In this exercise, write out the data word for word and leave every image out.

(Given material):
-- Opening Marker --

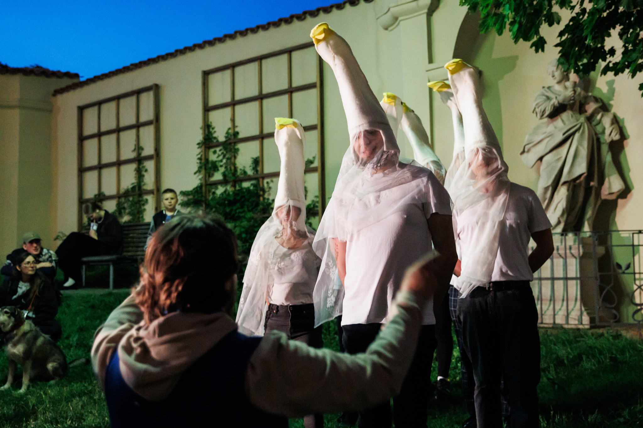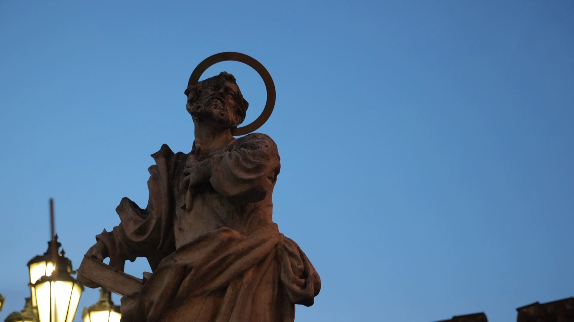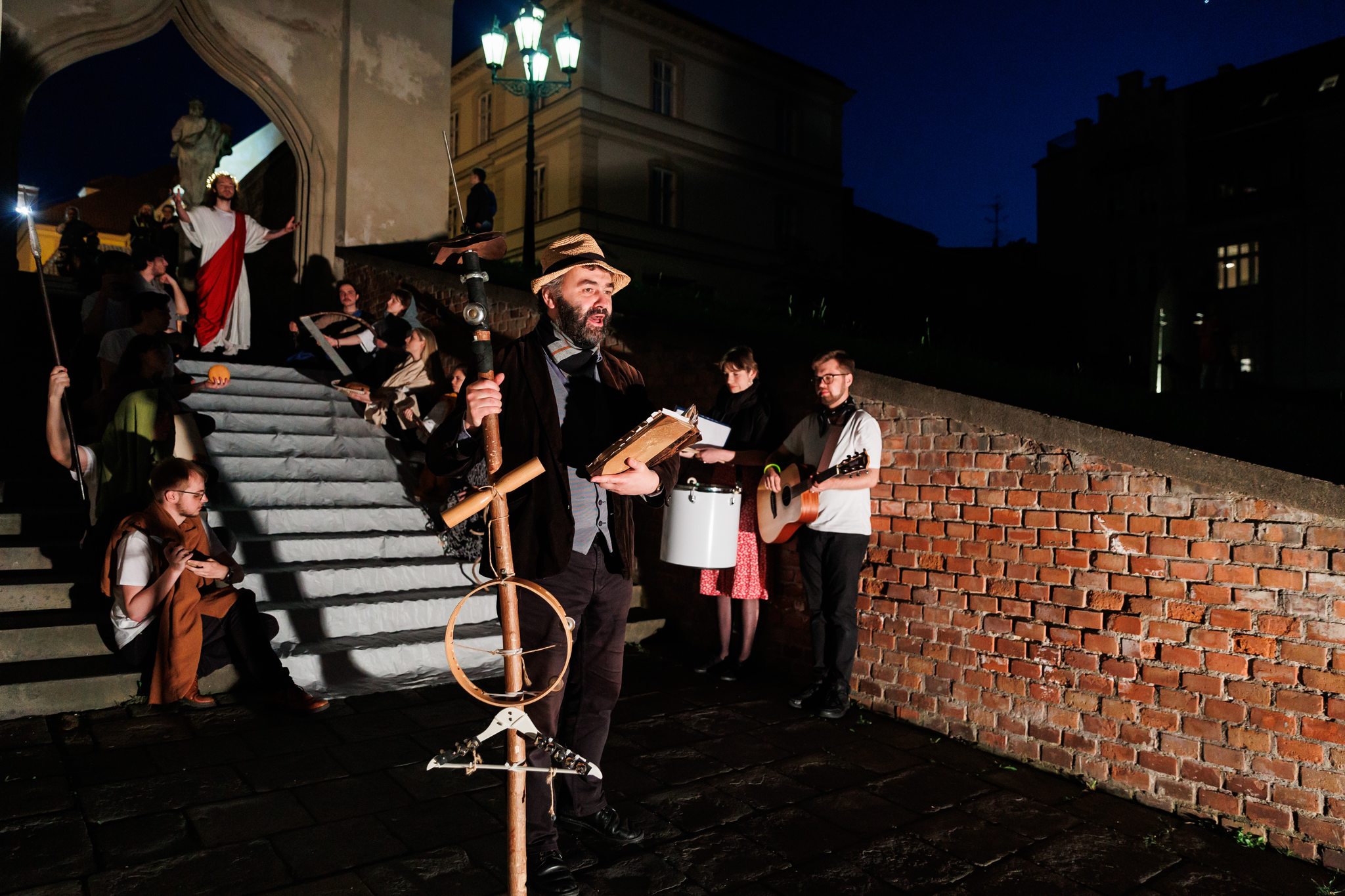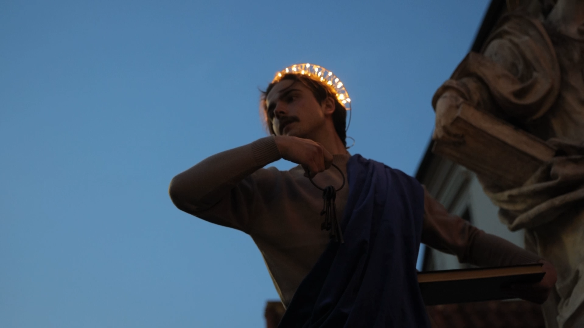 V první inscenaci Truchlivá veselohra o světci Petru, která se režijním pojetím snažila napodobit principy lidového divadla 17. století, se proto nachází v liturgických pasážích inscenace scénické obrazy inspirované náboženskou ikonografií, například hned v úvodním scénickém obraze inscenace, kdy herec vytváří přesnou nápodobu sochy svatého Petra, nebo jde o inspiraci obrazy různých malířů znázorňujících obraz poslední večeře Páně.
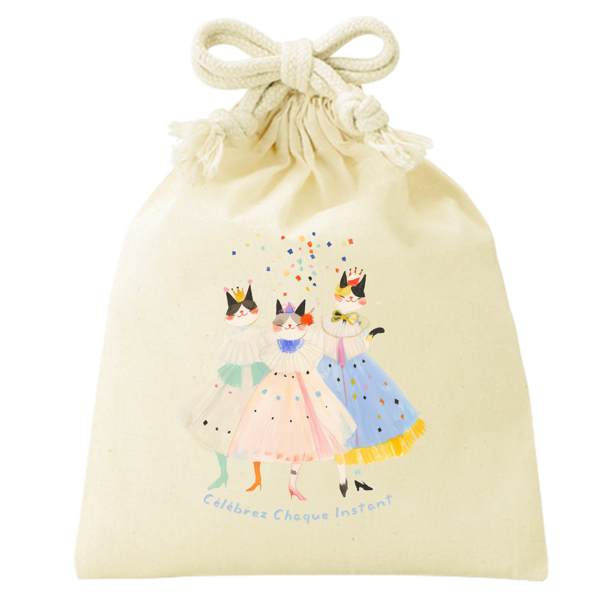 柔らかいパステルカラーと『Célébrez Chaque Instant』(すべての瞬間を祝おう)のフランス語メッセージが、持つ人に幸せを運んでくれます。猫好きやアートを愛する方へのプレゼントにもおすすめ!
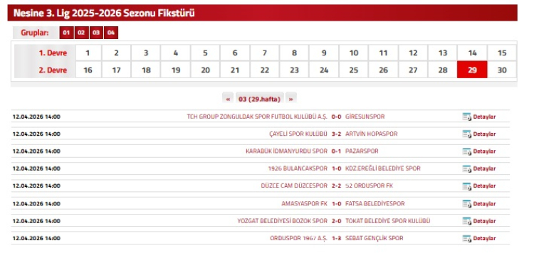 29. HAFTA SONUÇLARI

-- Closing Marker --

(Result of this task):
 V první inscenaci Truchlivá veselohra o světci Petru, která se režijním pojetím snažila napodobit principy lidového divadla 17. století, se proto nachází v liturgických pasážích inscenace scénické obrazy inspirované náboženskou ikonografií, například hned v úvodním scénickém obraze inscenace, kdy herec vytváří přesnou nápodobu sochy svatého Petra, nebo jde o inspiraci obrazy různých malířů znázorňujících obraz poslední večeře Páně.
 柔らかいパステルカラーと『Célébrez Chaque Instant』(すべての瞬間を祝おう)のフランス語メッセージが、持つ人に幸せを運んでくれます。猫好きやアートを愛する方へのプレゼントにもおすすめ!
 29. HAFTA SONUÇLARI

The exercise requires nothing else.